Progressively older – and not ashamed of it

I feel I can finally admit that I am a long-term fan of progressive (prog) rock. You know, that music that tells peculiar, intense stories using synthesisers and unlikely music breaks. With songs that go on and on. And on.

I blame my older siblings for my weakness; as a teenager, I sat in my tiny bedroom week after week trying to enjoy my Top of the Pops soundalike albums (worth listening to now if just for the shock value), whilst in the room next door my brothers blasted out Yes, Rush, Led Zeppelin, Uriah Heep, Emerson Lake and Palmer, and Deep Purple. I couldn’t ignore it.

I had always been entranced by harmonies and was an aspiring poet (if somewhat lacking in talent). Add to this my conviction that I was ‘deep’ and it comes as no surprise when something in that progressive music spoke to me. I started to ‘borrow’ their albums, casting TOTP to one side. I remember they had the most amazing covers… those 70s LPs and the stories contained within simply blew me away.

Of course, it is totally uncool to admit to liking prog rock when many of my friends like dance, trance, garage, dustbin (?) music, but who from a certain era hasn’t got a tiny snippet of Dark Side of the Moon playing somewhere in their head? And don’t shout punk rock at me. There are some that declare punk was the death of prog, but did you know that Genesis and Pink Floyd were amongst the biggest selling artists in the 80s and 90s? Up yours, Sex Pistols.

In the 1990s, a bottle or two of wine with a certain group of friends was often followed by dramatic dancing to Ripples, from Trick of the Tail. You know who you are, dramatic dancers. I blame my dance teacher at King Alf’s, who taught us the Laban technique, which seemed to involve lots of expressive arm movements and flailing around on the floor. Perfect for an erstwhile prog rocker, perfect for a drunken Genesis moment.
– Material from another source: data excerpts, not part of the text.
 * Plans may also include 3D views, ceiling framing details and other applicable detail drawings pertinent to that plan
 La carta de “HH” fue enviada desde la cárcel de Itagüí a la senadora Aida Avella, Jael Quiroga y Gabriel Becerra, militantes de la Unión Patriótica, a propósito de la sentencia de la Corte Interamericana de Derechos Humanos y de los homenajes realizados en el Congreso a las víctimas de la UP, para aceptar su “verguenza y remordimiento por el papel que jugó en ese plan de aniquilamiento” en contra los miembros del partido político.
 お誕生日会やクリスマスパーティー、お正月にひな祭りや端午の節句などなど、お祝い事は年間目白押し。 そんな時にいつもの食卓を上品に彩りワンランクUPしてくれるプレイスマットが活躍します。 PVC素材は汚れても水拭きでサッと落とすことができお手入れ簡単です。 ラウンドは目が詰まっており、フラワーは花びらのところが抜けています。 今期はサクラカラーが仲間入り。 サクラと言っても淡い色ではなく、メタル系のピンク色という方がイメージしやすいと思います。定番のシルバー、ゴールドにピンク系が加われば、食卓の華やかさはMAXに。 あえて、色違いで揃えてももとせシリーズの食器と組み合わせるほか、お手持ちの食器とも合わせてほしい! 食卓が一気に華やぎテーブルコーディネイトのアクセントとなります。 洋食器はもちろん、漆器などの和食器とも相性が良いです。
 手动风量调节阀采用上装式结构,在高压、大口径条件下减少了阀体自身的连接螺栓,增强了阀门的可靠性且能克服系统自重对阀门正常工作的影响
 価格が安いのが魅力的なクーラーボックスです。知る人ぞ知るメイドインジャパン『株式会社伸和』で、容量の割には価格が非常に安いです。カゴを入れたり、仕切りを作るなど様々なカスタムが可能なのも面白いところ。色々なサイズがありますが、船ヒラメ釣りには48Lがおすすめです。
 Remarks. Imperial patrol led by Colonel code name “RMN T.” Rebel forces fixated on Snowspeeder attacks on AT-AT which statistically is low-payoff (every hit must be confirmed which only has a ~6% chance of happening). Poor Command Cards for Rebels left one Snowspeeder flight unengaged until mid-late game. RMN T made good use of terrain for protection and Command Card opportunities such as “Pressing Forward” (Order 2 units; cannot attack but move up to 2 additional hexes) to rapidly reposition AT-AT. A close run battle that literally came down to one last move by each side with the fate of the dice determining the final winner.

This week I’ve rediscovered an album that I haven’t really listened to since my ‘angst’ era way back when in the 1970s. And guess what? It still evokes the same feelings now as it did then.

Wind and Wuthering was released by Genesis in 1976. Exactly the time when my hormones were hurling themselves around and sealing me into my bedroom to sing (hah!) lyrics that described how I felt. Listening to it this week, a hundred memories flooded into my head. When Afterglow, the final song started, a hundred sensations flowed round my limbs. I knew all the words, 30 years after I listened to it for the last time (when I moved on to Squeeze and Elvis Costello, for my sins). I read on Wikipedia earlier that the melody of Afterglow is similar to Have Yourself a Merry Little Christmas. I quite like that song too, in context.

Rather than dismissing my nostalgia for naff music, my talented musical teen is actually rather interested in the genre, which I’ve been playing to him in the car. He is very impressed that I can sing in harmony (still got it).

Maybe he’ll go on to revive prog rock, and bring it to a new audience. He might even make it cool again. However, maybe it still is? If you Google ‘prog rock bands’, after the usual suspects some unexpected more modern names appear; Supertramp, Radiohead – and Spock’s Beard. Must listen to them, after a bottle of wine and with a certain group of friends. Rock on!